======== Records shown ========

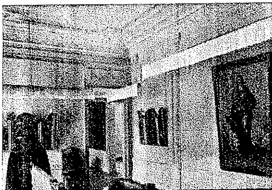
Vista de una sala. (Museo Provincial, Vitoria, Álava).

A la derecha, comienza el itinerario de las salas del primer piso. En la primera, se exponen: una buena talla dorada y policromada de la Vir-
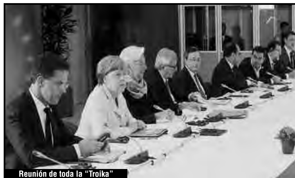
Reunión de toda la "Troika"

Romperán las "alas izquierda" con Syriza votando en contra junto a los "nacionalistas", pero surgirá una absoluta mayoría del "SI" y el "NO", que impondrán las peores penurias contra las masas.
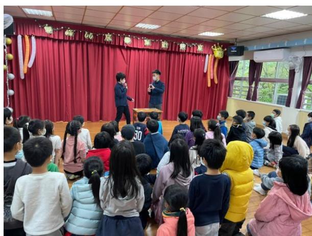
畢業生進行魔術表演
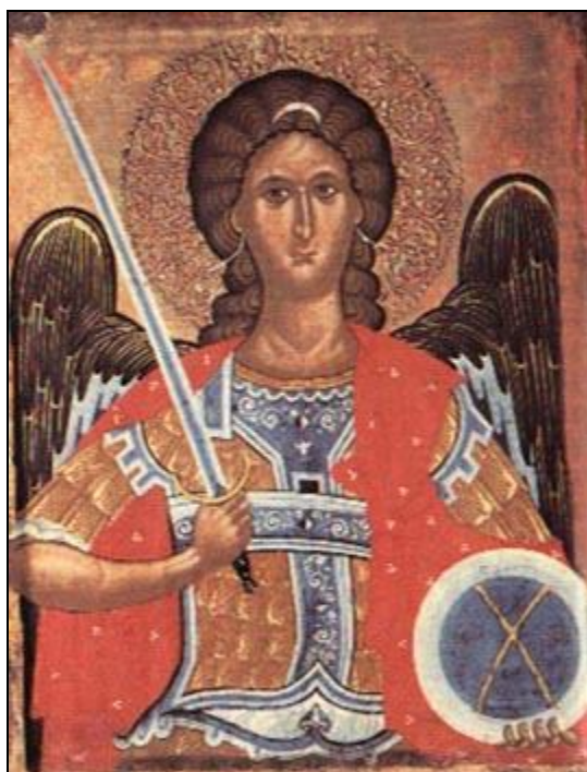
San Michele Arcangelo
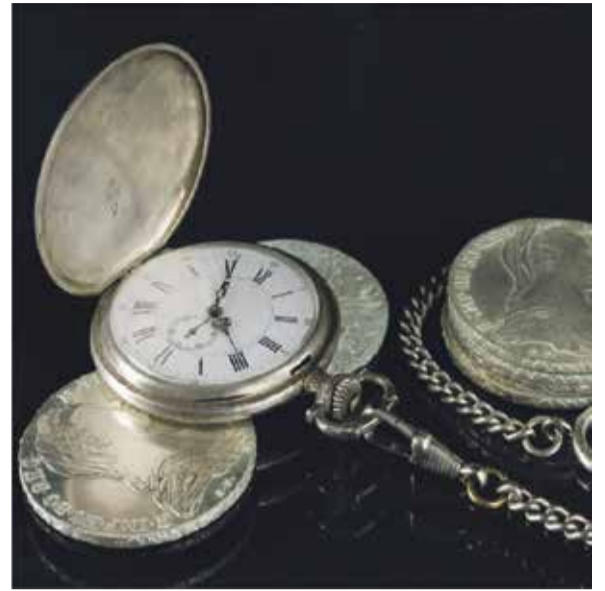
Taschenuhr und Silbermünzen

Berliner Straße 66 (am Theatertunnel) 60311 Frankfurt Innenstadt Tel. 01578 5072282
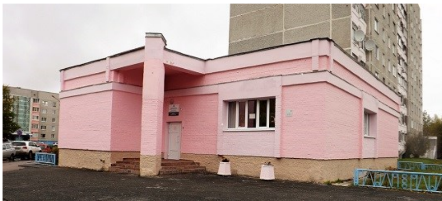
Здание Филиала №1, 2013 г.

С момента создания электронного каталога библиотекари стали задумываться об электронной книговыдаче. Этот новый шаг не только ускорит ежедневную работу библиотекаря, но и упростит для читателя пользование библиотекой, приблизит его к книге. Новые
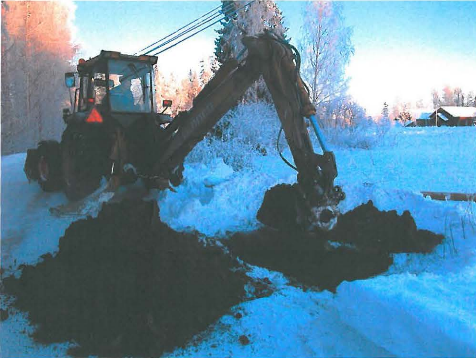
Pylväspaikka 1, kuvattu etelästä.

========

Prompt:
An exact, word-for-word copy of the records is expected, with no pictures in it.

Solution to the exercise:
Vista de una sala. (Museo Provincial, Vitoria, Álava).

A la derecha, comienza el itinerario de las salas del primer piso. En la primera, se exponen: una buena talla dorada y policromada de la Vir-
Reunión de toda la "Troika"

Romperán las "alas izquierda" con Syriza votando en contra junto a los "nacionalistas", pero surgirá una absoluta mayoría del "SI" y el "NO", que impondrán las peores penurias contra las masas.
畢業生進行魔術表演
San Michele Arcangelo
Taschenuhr und Silbermünzen

Berliner Straße 66 (am Theatertunnel) 60311 Frankfurt Innenstadt Tel. 01578 5072282
Здание Филиала №1, 2013 г.

С момента создания электронного каталога библиотекари стали задумываться об электронной книговыдаче. Этот новый шаг не только ускорит ежедневную работу библиотекаря, но и упростит для читателя пользование библиотекой, приблизит его к книге. Новые
Pylväspaikka 1, kuvattu etelästä.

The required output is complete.